- _What you will do_:
Both ends included, restate word for word the lines from the first line of the listing through the line containing "2 vintage electric". Leave the pictures out.

- _Data below_:

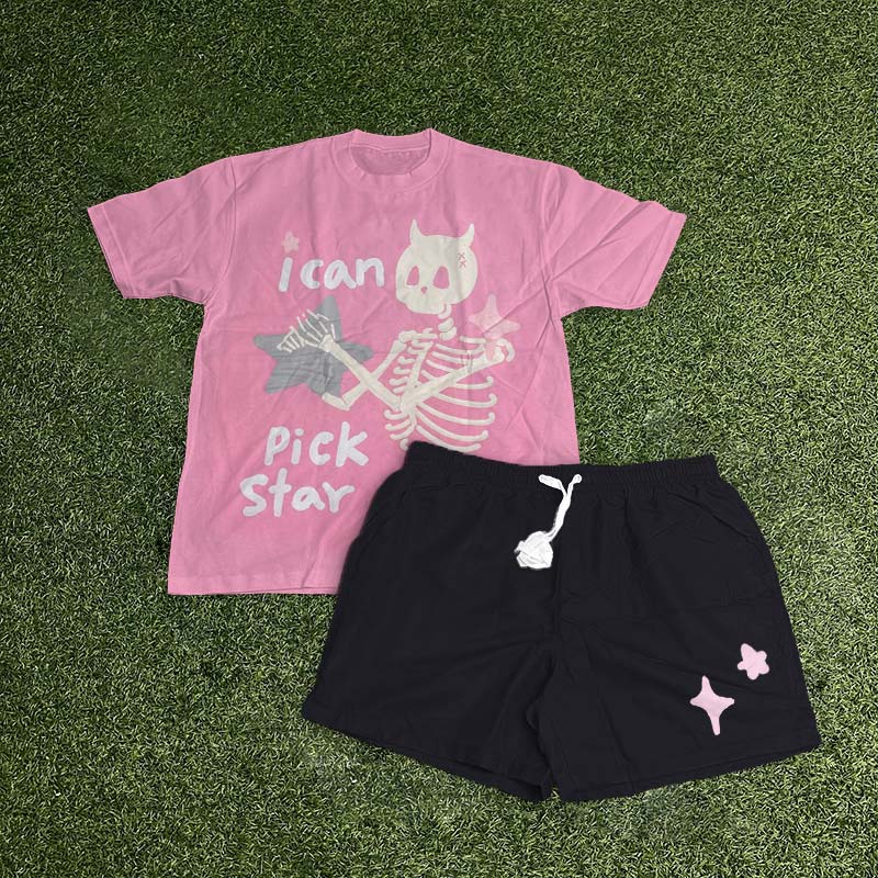 I Can Pick Star Skull Print T-shirt Set
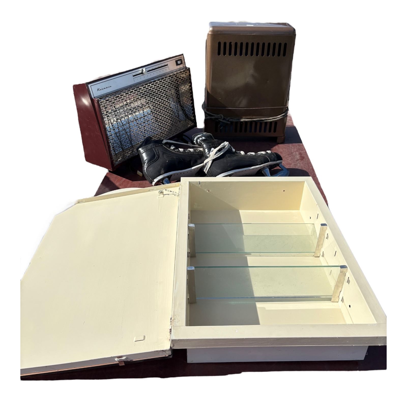 2 vintage electric heaters, size 11 older hockey skates, vintage medicine wall cabinet - NO SHIPPING / PICKUP ONLY
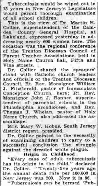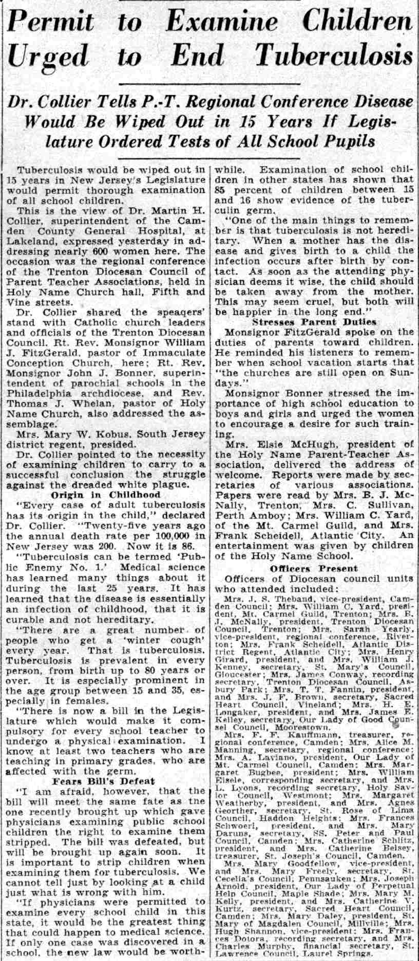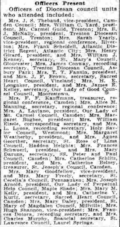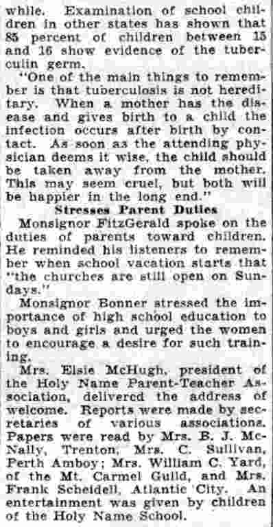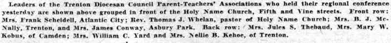 Point Pleasant, June 8- Mrs. Mary W. Kobus, of Camden, South Jersey district regent, was one of the principal speakers today at the quarterly meeting of the Amboy District, Diocesan Parent-Teacher Association, in St. Peter's Church. More than 300 attended. Other speakers included Rev. Father Reilly, rector of St. Catherine's Church, Spring Lake, and chancellor of the Trenton Diocese; Rev. Michael Dalton, diocesan superintendent of schools, and Rev. Father Adolph, O.M.C., rector of St. Peter's Church. |

- _Response to this task_:
 I Can Pick Star Skull Print T-shirt Set
 2 vintage electric heaters, size 11 older hockey skates, vintage medicine wall cabinet - NO SHIPPING / PICKUP ONLY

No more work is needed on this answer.